21

4.1K 270 501
                                    

Güneşli bir sabaha gözümü açtığımda yanımda uyuyan Levi'a baktım.

Elim siyah saçlarında dolaşırken saatin ilerlediğini gördüğümden onu uyandırma korkusu yaşamadım.

Mırıldanarak beni kendine çektiğinde başım göğüsüne yaslanmış öylece bekliyordum.

Gözlerim parmağımda dünkü yaşananları düşünüyordum.

Saat daha da geç olmadan başımı kaldırarak çenesine bir öpücük kondurdum ve zorla da olsa kolları arasından çıktım.

Tüm gün dönüş hazırlıkları ile geçmişti ve bir yandan etrafımda zıplayarak dönen Hange ile uğraşıyordum.

"Erwin duydun di mi bizim bücür şarkı söylemiş."

Erwin sırıtarak bizi izliyordu.

Ona yardım bakışları atsam da adeta görmezden geliniyordum.

Hange susadığına karar vererek gittiğinde Erwin'i hırpalamaya başladım.

"Senin kıçını kurtaralım sen beni bu manyağın ellerine bırak alacağın olsun Sarı Komutan."
(Çolak paralel evrende)

"Sizin adınıza sevindim (Y/n)."

Bana sarıldığında bu sıralar herkesin ne kadar duygusal olduğunu anlamıştım.

Ben de ona sarıldığımda biraz eskiyi anarak biraz muhteşem ikilinin bahçede ki tartışmalarını izleyerek saatleri doldurduk.

Elimizdeki verilere göre duvarların dışında titan kalmamıştı.

Ayrıca Ymir her şeyi doğrulamış yıllarca aynı kanı paylaştığımız kader kurbanlarını öldürdüğümüzü öğrenmiştik.

"Yakında buraya gelecek insanların olduğuna eminim."

"Neden?"

Mavi gözleri duvarlara dönüktü.

"Ne de olsa Marley'in dev güçleri var ve bizde de Eren var.İlla ki biriler bizi yanına çekmek isteyecektir."

Sözlerini onaylarken şimdiye kadar ilerlediğimiz noktayı düşündüm.

İnsanlar atalarımıza tuttuğu kinden dolayı bizim hayatımızı bitirmişti.

Yıllardır duvarların ardında yaşayanları dünyada tek hissettirip ölümle sınamışlardı.

Düşüncelerimi Erwin böldü.

"Şu Nikolai'ı zindandan çıkarmak için Dimitrov  ailesi her şeyi yapıyor.İstersen gitmeden önce bir gör derim."

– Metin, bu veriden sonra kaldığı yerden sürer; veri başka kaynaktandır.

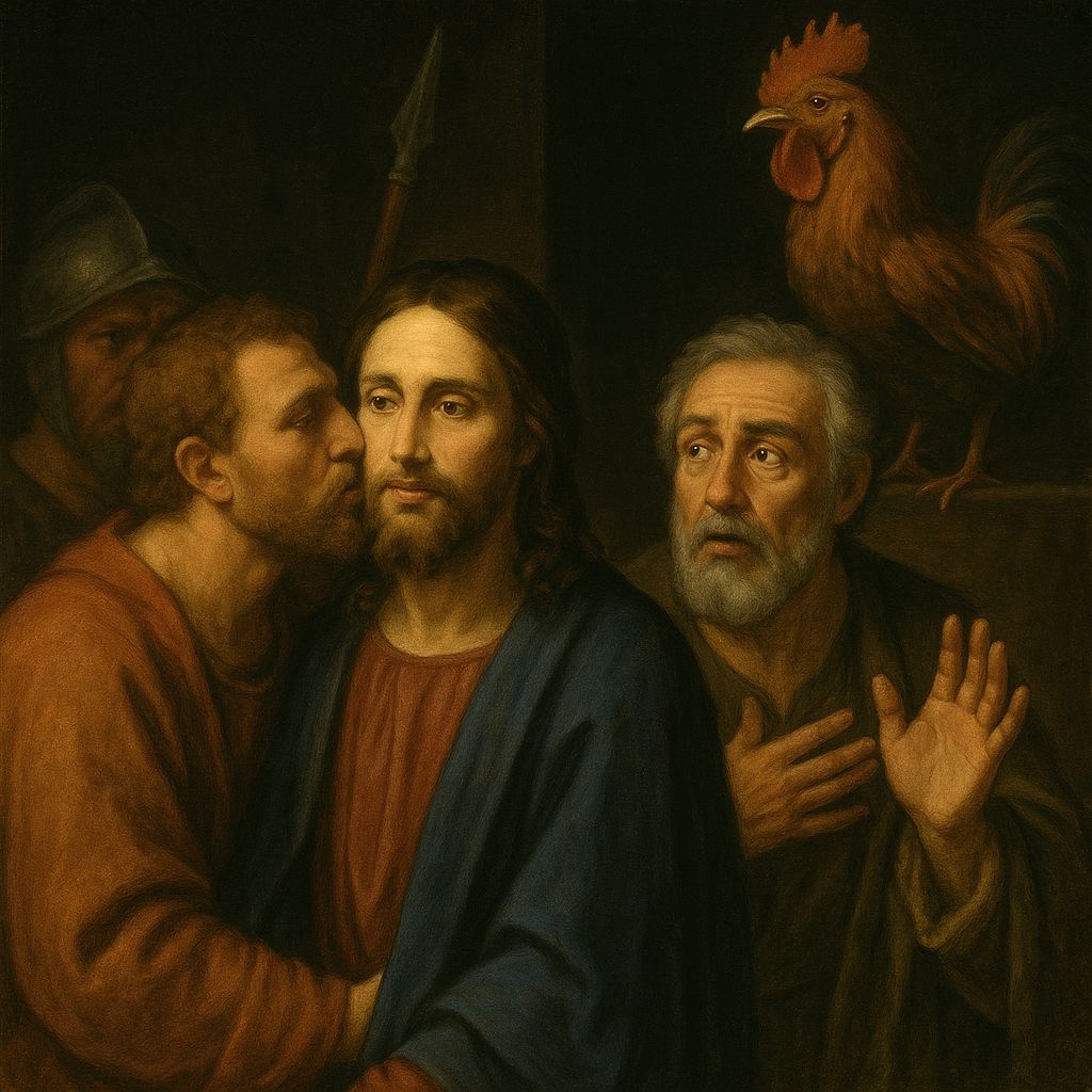 Bara några timmar senare stod Petrus, kanske den mest hängivna av lärjungarna på en gårdsplan och låtsades som att han aldrig känt Jesus. ”Jag känner honom inte” sa han, inte bara en gång utan tre. Han som sa att han skulle gå i döden för sin mästare, svek också. Inte med en kyss, utan med lögner.
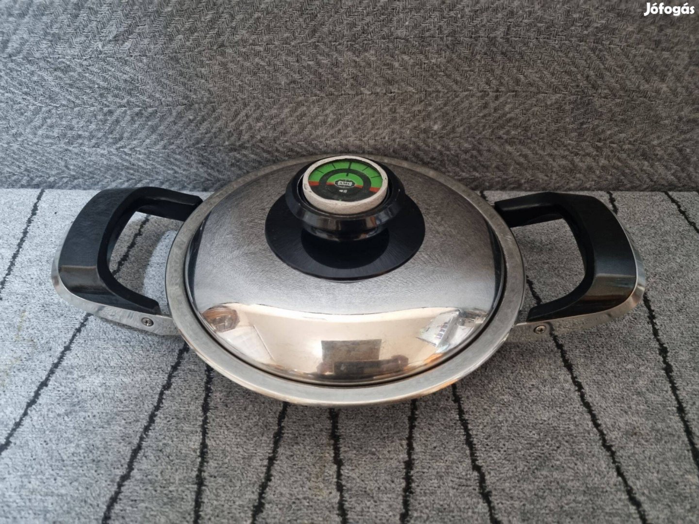 Eladó a képeken látható, 16 cm belső átmérőjű, AMC szeletsütő. Fedővel kerül meghirdetésre, igaz a fedő kupakja nem ép, lefényképeztem a hibát.
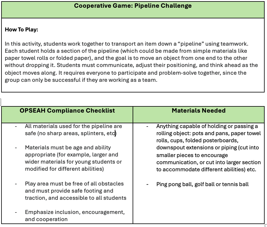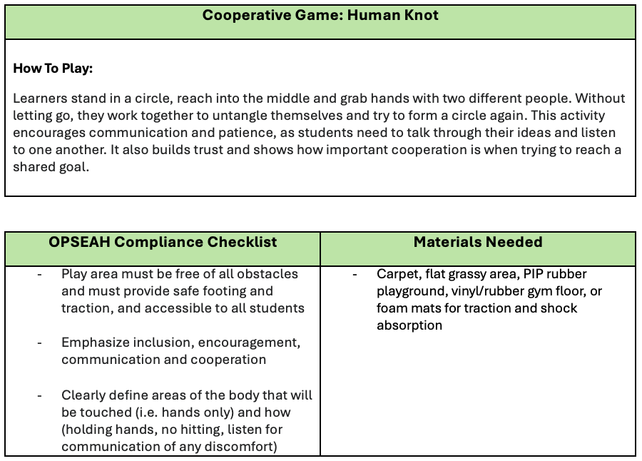 Cooperative games help build teamwork, communication, and trust among students while teaching them how to work together instead of competing against one another. They emphasize participation, inclusion, and shared success; creating an environment where all students can feel valued and supported. Cooperative games also help students develop a sense of belonging within their school community, which can have a positive impact on their overall well-being and learning.
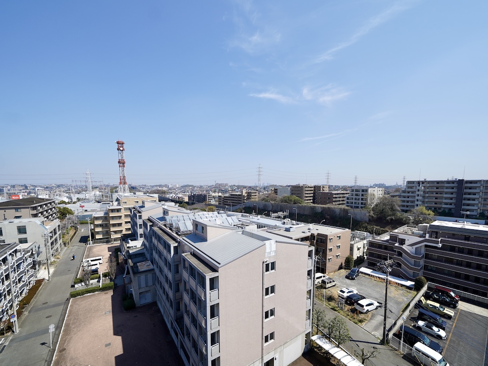 「市が尾」の街並みを高台から見下ろし、要塞のようにそびえ立つ建物。

Erwin kısaca ondan kurtul diyemeyeceği için böyle bir cümle kuruyordu.Ne de olsa birçok askerini yaralamış ve duvarların sırrı dahil olmak üzere çoğu şeyi gizli tutmada yardımcı olmuştu.

Akşam üzeri üniformamın kirlenmemesi adına bu defa yalnızca bir gömlek ve pantolon eşliğinde ıslık çalarak zindanlara ilerledim.

Son bölüme geldiğimde karşımda sandalyeye bağlanmış ve hırpalanmış bir Nikolai vardı.

Askerin dinlenebileceğini söyleyerek içeri girdim.

"Demek asil Dimitrov ailesinin tek varisi bir zindanda çürümeye bırakılmış ha?"

Alaycı ses tonum dudaklarının sinirle gerilmesine neden olurken benimkiler sırıtmakla meşguldü.

"Ne o yoksa hayatının aşkına kin mi gütmeye başladın?"

Elim yüzünde gezerken dudak büzdüm.

"Yanılıyorum değil mi Niko?"

Bakışları yumuşarken ona küçükken seslendiğim gibi seslenmiştim.